Fundamental ist dagegen die Arbeit von Breannan Smith, Danny M. Kaufman und ihren Mitautoren. Sie haben als erste ganz genau hingesehen, wie starre Körper gleichzeitig miteinander kollidieren und dafür grundlegende Gesetzmäßigkeiten gefunden. Diese haben die Wissenschaftler dann implementiert und mit großen Systemen getestet.

Morten Bojsen-Hansen und seine Mitautoren nageln Pudding an die Wand: Ihr Verfahren texturiert flüssige und knetbare Materialien in Animationen allein anhand der Form der Oberfläche. Die Kunst liegt dabei darin, den Anschluss auch zu behalten, wenn Löcher aufreißen oder geschlossen werden.

Sunghyun Cho, Jue Wang und Seungyong Lee entfernen die durchs Kamerawackeln verursachte Unschärfe aus Videos. Statt der üblichen, mit Artefakten behafteten Deconvolution-Verfahren nutzen sie den Umstand, dass die Bilder „glücklicherweise“ nicht an allen Stellen verwackelt sind. So lassen sich die scharf erfassten Bildinformationen auf die unscharfen Stellen in benachbarten Bildern übertragen.

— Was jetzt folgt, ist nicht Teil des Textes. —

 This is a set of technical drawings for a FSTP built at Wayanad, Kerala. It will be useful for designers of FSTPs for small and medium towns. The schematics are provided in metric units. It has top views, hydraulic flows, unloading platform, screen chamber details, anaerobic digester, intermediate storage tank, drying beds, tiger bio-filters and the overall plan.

Carl Doersch und seine Kollegen haben einen Rechner automatisch anhand von Fotos herausfinden lassen, wie Paris sich bildlich von London und anderen Städten unterscheidet. Ihre Methode hilft zum Beispiel beim Auffinden verräterischer architektonischer Details.

In der Abteilung „Emerging Technologies“ arbeitete wie üblich die University of Electro-Communications aus Tokyo mit Hochspannung. Dieses Mal zeigten die Japaner einen Sessel, der dem Insassen passend zum Schrecken im Film die Härchen auf den Armen aufrichtet. Das haarsträubende Erlebnis spricht für die Theorie, dass man Emotionen mitunter erst an der Reaktion des eigenen Körpers erkennt.

Filmabend

Auf dem Computer Animation Festival liefen gleich vier Beiträge von Studenten der Filmakademie Baden-Württemberg. Zwei davon trugen Preise davon: „Globosome“ schildert eine Explosion von Lebensformen; „Herr Hoppe und der Atommüll“ zeigt drei Episoden aus dem Leben eines einfachen Menschen, der lediglich ein Fass radioaktiven Abfalls entsorgen will.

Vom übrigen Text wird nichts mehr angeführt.